Hay frases que envejecen mal. Y luego está aquella sentencia política de Félix Bolaños, pronunciada en octubre de 2024 para justificar el indulto parcial a José Luis Peñas, el exconcejal del PP que ayudó a destapar la trama Gürtel: “Quien colabora con la Justicia tiene el apoyo del Gobierno de España”.
La frase sonaba solemne. Institucional. Casi ejemplarizante. Venía a decir que el Estado democrático protege a quien, aun habiendo formado parte de un engranaje corrupto, decide romper el silencio y ayudar a que la verdad salga a la luz. Era una idea razonable. Incluso necesaria. Porque sin arrepentidos, sin informantes, sin grabaciones, sin gente que decida contar lo que sabe, muchas tramas de corrupción seguirían funcionando bajo la alfombra.
El problema no era la frase. El problema era saber si era un principio o una consigna de ocasión.

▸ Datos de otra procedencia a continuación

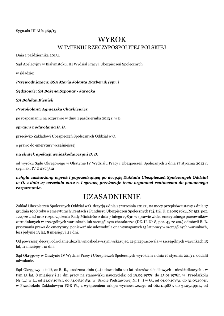 Sygn.akt III AUa 369/13 WYROK W IMIENIU RZECZYPOSPOLITEJ POLSKIEJ Dnia 1 października 2013r. Sąd Apelacyjny w Białymstoku, III Wydział Pracy i Ubezpieczeń Społecznych w składzie: Przewodniczący: SSA Maria Jolanta Kazberuk (spr.) Sędziowie: SA Bożena Szponar - Jarocka SA Bohdan Bieniek Protokolant: Agnieszka Charkiewicz po rozpoznaniu na rozprawie w dniu 1 października 2013 r. w B. sprawy z odwołania B. B. przeciwko Zakładowi Ubezpieczeń Społecznych Oddział w O. o prawo do emerytury wcześniejszej na skutek apelacji wnioskodawczyni B. B. od wyroku Sądu Okręgowego w Olsztynie IV Wydziału Pracy i Ubezpieczeń Społecznych z dnia 17 stycznia 2013 r. sygn. akt IV U 2873/12 uchyla zaskarżony wyrok i poprzedzającą go decyzję Zakładu Ubezpieczeń Społecznych Oddział w O. z dnia 27 września 2012 r. i sprawę przekazuje temu organowi rentowemu do ponownego rozpoznania. UZASADNIENIE Zakład Ubezpieczeń Społecznych Oddział w O. decyzją z dnia 27 września 2012r., na mocy przepisów ustawy z dnia 17 grudnia 1998 roku o emeryturach i rentach z Funduszu Ubezpieczeń Społecznych (t.j. DZ. U. z 2009 roku, Nr 152, poz. 1227 ze zm.) oraz rozporządzenia Rady Ministrów z dnia 7 lutego 1983r. w sprawie wieku emerytalnego pracowników zatrudnionych w szczególnych warunkach lub szczególnym charakterze (DZ. U. Nr 8, poz. 43 ze zm.) odmówił B. B. przyznania prawa do emerytury, ponieważ nie udowodniła ona wymaganych 15 lat pracy w szczególnych warunkach, lecz jedynie 13 lat, 8 miesięcy i 24 dni. Od powyższej decyzji odwołanie złożyła wnioskodawczyni wskazując, że przepracowała w szczególnych warunkach 15 lat, 11 miesięcy i 12 dni. Sąd Okręgowy w Olsztynie IV Wydział Pracy i Ubezpieczeń Społecznych wyrokiem z dnia 17 stycznia 2013 r. oddalił odwołanie. Sąd Okręgowy ustalił, że B. B., urodzona dnia (...) udowodniła 20 lat okresów składkowych i nieskładkowych , w tym 13 lat, 8 miesięcy i 24 dni pracy na stanowisku nauczyciela: od 19.09.1977r. do 25.01.1978r. w Przedszkolu Nr (...) w L., od 21.08.1978r. do 31.08.1983r. w Szkole Podstawowej Nr (...) w G., od 01.09.1983r. do 31.05.1991r. w Przedszkolu Zakładowym PGR W., z wyłączeniem urlopu wychowawczego od 06.11.1988r. do 31.05.1991r., od 22.02.1993r. do 02.08.1993r. w Szkole Podstawowej Nr (...) w G. oraz z wyłączeniem okresu pobierania świadczeń w razie choroby i macierzyństwa: 26-28.05., 31.05.-01.06., 7-12.07., 13-15.07.1993r., od 1.09.1993r. do 15.10.1993r. oraz od 22.03.1994r. do 18.07.1994r. w Szkole Podstawowej Nr (...) w G. oraz od 2.09.1996r. do 31.12.1998r. w Przedszkolu Samorządowym w W.. Zdaniem Sądu pierwszej instancji ZUS prawidłowo ustalił powyższe okresy, co potwierdziły akta osobowe skarżącej ze Szkół Podstawowych: Nr 1 i Nr 2 w G. (k.37), z Agencji Nieruchomości Rolnych Oddział w O. (k. 35), z Przedszkola Samorządowego w W. (k. 40) oraz akta ZUS. Były one także zgodne z wykazem pracy nauczycielskiej, sporządzonym przez skarżącą, w którym nie uwzględniła ona jednak okresu urlopu wychowawczego od 6.11.1988r. do 31.05.1991r. w trakcie zatrudnienia w Przedszkolu Zakładowym PGR W., w związku z urodzeniem córek: D. S. w dniu 25.05.1988r. i A. W. w dniu 17.08.1989r. Sąd podkreślił, że okres urlopu wychowawczego to okres zawieszenia wzajemnych praw i obowiązków stron stosunku pracy i okres niewykonywania pracy z powodu opieki nad dzieckiem, w rozumieniu art. 7 pkt 5 ustawy z dnia 17 grudnia 1998r. (okres nieskładkowy - do dnia 31 grudnia 1998r.). Stąd należało go odliczyć od stażu pracy w warunkach szczególnych, wskazanego przez skarżącą, przez co wyniósł on: 13 lat 9 miesięcy i 23 dni. Następnie Sąd pierwszej instancji wskazał na dwa obowiązujące systemy emerytalne nauczycieli: pierwszy związany z wykonywaniem pracy w szczególnym charakterze określonej w przepisach rozporządzenia Rady Ministrów z dnia 7 lutego 1983r. w sprawie wieku emerytalnego pracowników zatrudnionych w szczególnych warunkach lub w szczególnym charakterze (Dz. U. Nr 8, poz. 43 ze zm.) w związku z art. 32 i 46 ustawy z dnia 17 grudnia 1998r. oraz drugi, w którym warunki emerytalne regulowane są przepisami odrębnymi. Po czym zweryfikował sytuację wnioskodawczyni pod kątem warunków przyznania prawa do emerytury, o których mowa w przepisach rozporządzenia Rady Ministrów z dnia 7 lutego 1983r. w sprawie wieku emerytalnego pracowników zatrudnionych w szczególnych warunkach lub w szczególnym charakterze ( Dz. U. Nr 8, poz. 43 ze zm.). W rezultacie Sąd stwierdził, że wykazany przez skarżącą okres wykonywania pracy nauczycielskiej był niewystarczający do nabycia prawa do wcześniejszej emerytury. Wymagany był bowiem 15-letni staż pracy w szczególnych warunkach lub w szczególnym charakterze, wykonywanej stale i w pełnym wymiarze czasu pracy obowiązującym na danym stanowisku, zaś z materiału dowodowego zebranego w sprawie wynikało, że wnioskodawczyni w takich warunkach nie była zatrudniona w wymaganym okresie. Z tych względów nie spełniła przesłanki 15-letniego stażu pracy w szczególnym charakterze w pełnym wymiarze czasu pracy i nie nabyła prawa do wcześniejszej emerytury z tytułu tej pracy, w świetle art. 32 i art. 46 ustawy z dnia 17 grudnia 1998 r. o emeryturach i rentach z FUS. Apelację od powyższego wyroku wniosła B. B.. Wskazała w niej, iż ZUS rozważał jej sprawę, stosując tylko art. 32 ust. 4 ustawy emerytalnej. Wniosła o uwzględnienie także art. 32 ust. 5 tej ustawy, gwarantującego nabywanie prawa do emerytury bez względu na wiek, w warunkach określonych w art. 88 ustawy z dnia 26 stycznia 1982r. Karta Nauczyciela. Sąd Apelacyjny zważył, co następuje: Apelacja jest zasadna, gdyż uchybienia w niej wskazane uzasadniają uchylenie zaskarżonego wyroku i poprzedzającej go decyzji ZUS z dnia 27 września 2012r. i przekazanie sprawy do ponownego rozpoznania Zakładowi Ubezpieczeń Społecznych. Nale

Porque cuando el colaborador se llamaba José Luis Peñas, cuando el caso era Gürtel y cuando los señalados pertenecían al Partido Popular, el Gobierno de Pedro Sánchez entendió que había razones de justicia, equidad y ejemplaridad democrática para concederle un indulto parcial. Peñas había sido condenado. No era un héroe impoluto. Formó parte de aquello que luego ayudó a desmontar. Pero su colaboración fue determinante para abrir una de las mayores causas de corrupción de la democracia española.
Entonces el Gobierno lo vendió como un mensaje ejemplar: colaborar con la Justicia se reconoce.
Muy bien. La pregunta incómoda llega ahora: ¿vale la misma doctrina cuando quien colabora señala al PSOE?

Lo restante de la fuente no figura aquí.